In 2005, the Ector County School Board approved the Bible electives it now offers, and chose the curriculum developed by the National Council on Bible Curriculum in Public Schools (NCBCPS), which has been adopted in 395 school districts in 37 states (seeEducation Reporter, Jan. '06, Jan. '07). Although the curriculum is designed to be taught in a way that neither encourages nor discourages religious belief, the director of the ACLU of Texas called the course "basically a Sunday school class within the walls of a public school."

Kelly Shackelford, chief counsel of Liberty Legal Institute, disagrees. "There is no question that these Bible electives are constitutional. The United States Supreme Court has stated more than once that teaching about the Bible is not only constitutional, but essential to a quality education. This lawsuit is a loser," he told the Houston Chronicle (5-16-07).

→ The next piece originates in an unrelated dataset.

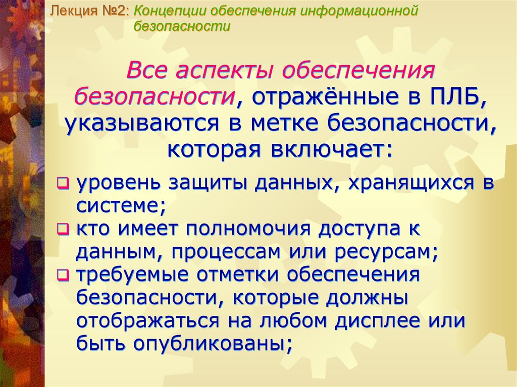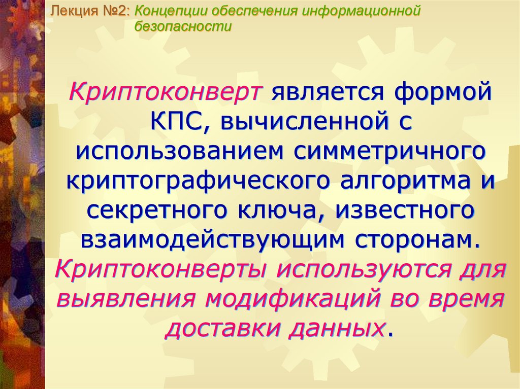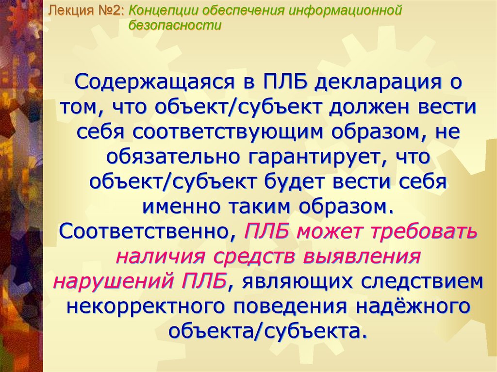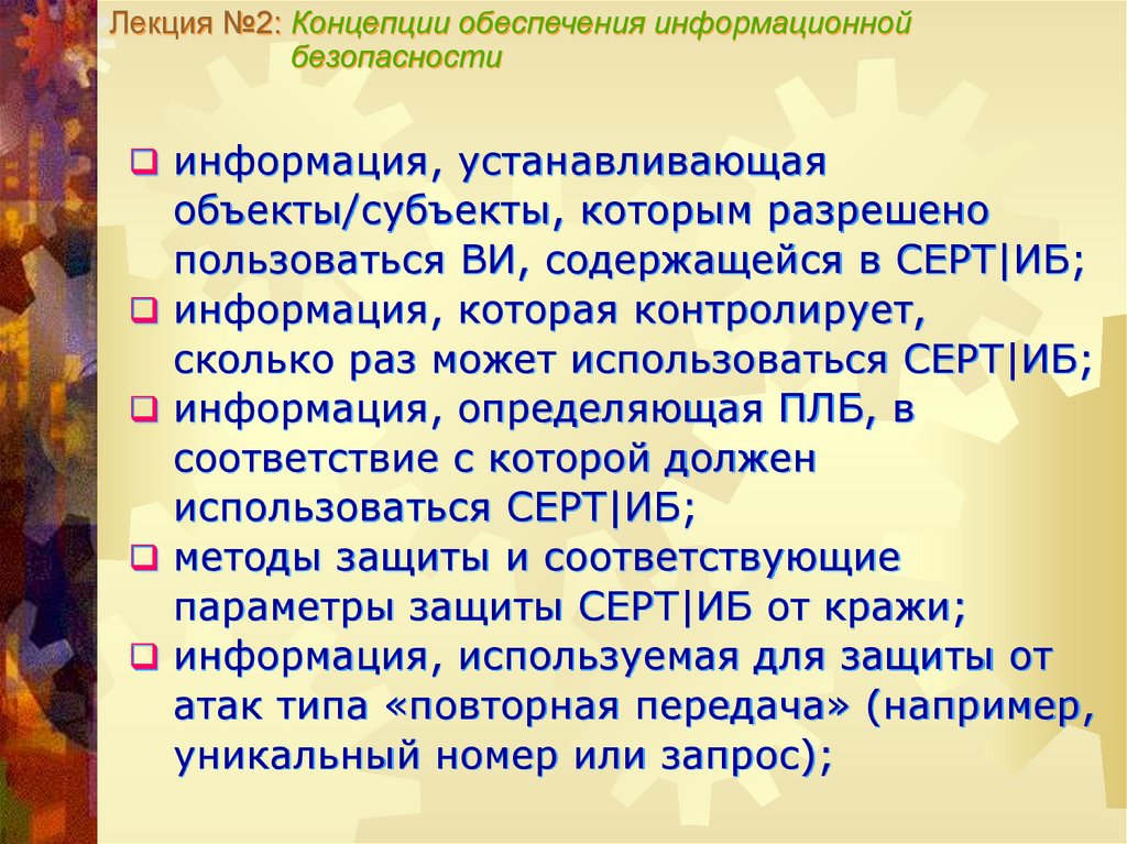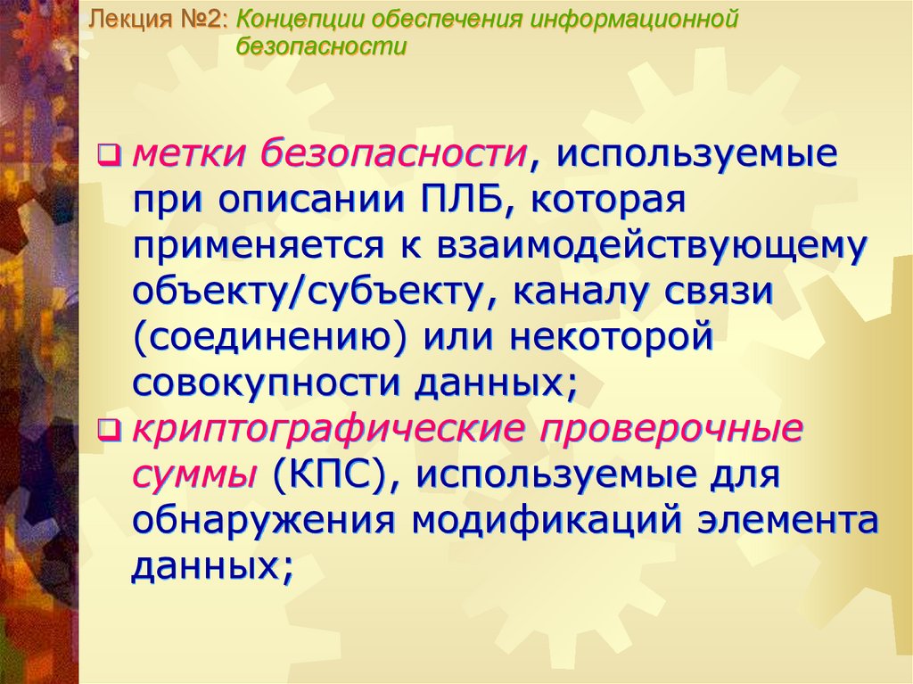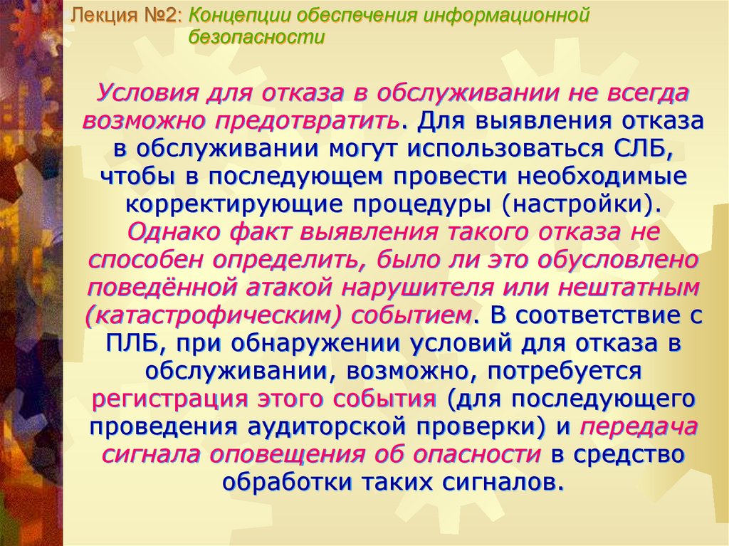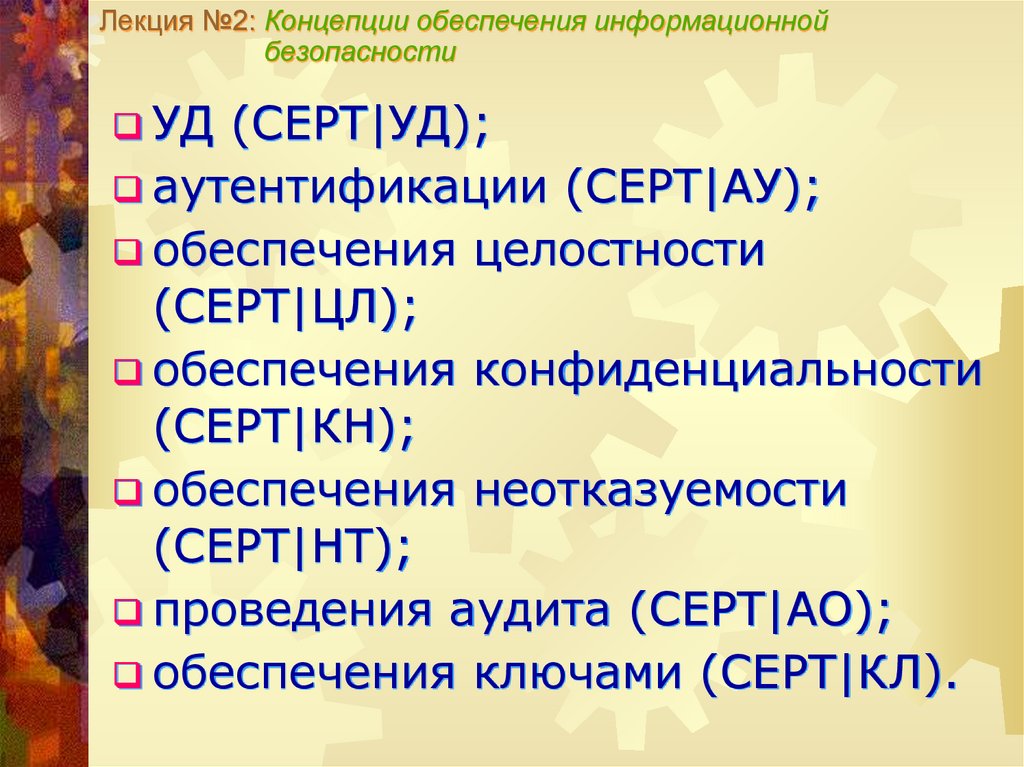 Лекция №2: Концепции обеспечения информационнойбезопасности

The Texas bill on Bible literacy originally would have required all public school districts to offer Bible electives if 15 or more students wished to take them. It also would have left curriculum decisions up to local school districts. However, following several amendments, the bill now requires the Texas Attorney General to sign off on a curriculum, and requires all courses to use a book other than the Bible as the primary textbook - which may rule out the popular NCBCPS curriculum.

South Carolina moved quickly over the past legislative session toward establishing state standards for courses on the Bible's history and literature, with legislation based on similar recent efforts in Georgia. Several other states have also recently considered new laws authorizing elective courses on the Bible.